Fines de febrero; no había llegado a Madrid el invierno: días tibios, fuerte viento mañanero. Luego, el tiempo se volvía grato para pasear y conversar. Desde la amplia terraza del edificio en que viví esos días, se veían las cercanas cúpulas de San Francisco el Grande, la de la Almudena, las del Palacio Real. Era la Calle del Rosario, en honor a la procesión del Rosario de la Aurora que salía de la antigua Gran Vía de San Francisco y bajaba por el barrio de Palacio de la capital. Pero se encontró un día con la de los hermanos del Hospital de Santa Catalina que venía en sentido contrario; cada cortejo llevaba sus farolas y como en la Calle de los Remedios nadie quería ceder el paso, los dos grupos se ‘liaron a farolazos’ y se produjo un alboroto que solo la guardia contuvo. Prohibida la procesión, permanece el dicho ‘acabar como el rosario de la aurora’, por ‘desbandarse descompuestamente los asistentes a una reunión, por falta de acuerdo’.

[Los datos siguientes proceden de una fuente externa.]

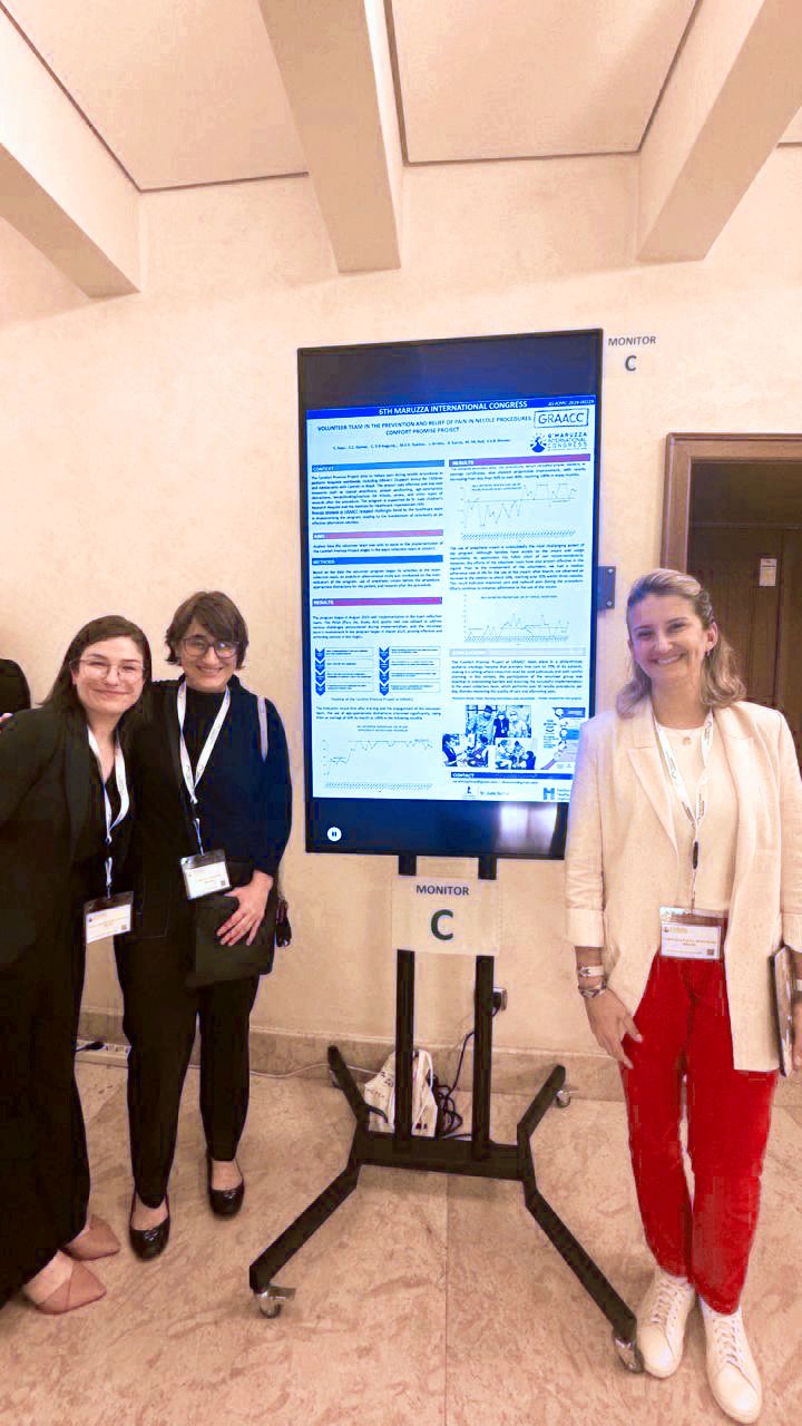 “No GRAACC, os cuidados paliativos são essenciais para garantir conforto e qualidade de vida de nossos pacientes, indo além do controle da doença, oferecendo suporte integral às nossas crianças e adolescentes e suas famílias. Nossa abordagem multidisciplinar e humanizada integra o alívio de sintomas físicos e emocionais com apoio psicológico e social desde o início do tratamento da doença”, explica Dra. Carlota Vitoria Blassioli, nossa oncologista pediátrica especializada em medicina paliativa pediátrica que esteve no congresso, junto com a nossa residente de Oncopediatria, Dra. Angela Carvalho Grassato, e nossa enfermeira especialista em cuidados paliativos, Carolina Kasa.
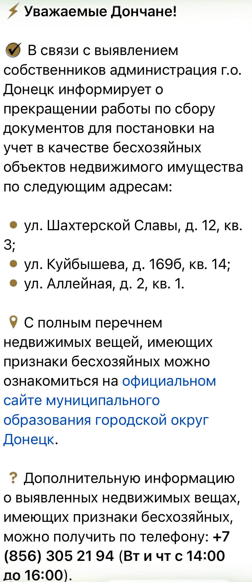 "У зв’язку з виявленням власників адміністрація у Донецьку повідомляє про припинення збору документів для взяття на облік як безгосподарних об’єктів нерухомого майна за такими адресами:

Los primeros días de marzo empezó a oírse del coronavirus. Yo, desde la calle del Rosario hasta la RAE, daba un largo paseo por la Calle Mayor, la Puerta del Sol, la Fuente de Neptuno, el Museo del Prado. A pocos metros del hermoso monumento a Goya, hacia lo alto, se ve el palacete de la Real Academia. Pronto vino la exigencia de quedarnos en casa. La dueña del departamento de la Calle del Rosario, llamada por sus padres a Salamanca, me recomendó a un amigo, que alquilaba una habitación con baño en Atocha, cerca de la estación y muy cerca de la RAE. Allá fui otros quince días. Desde el balcón del estudio, a las ocho de la noche, compartí la emoción de aplaudir a médicos, enfermeras y personal paramédico, que servía con alto riesgo de sus vidas y enorme generosidad, a los enfermos en los hospitales.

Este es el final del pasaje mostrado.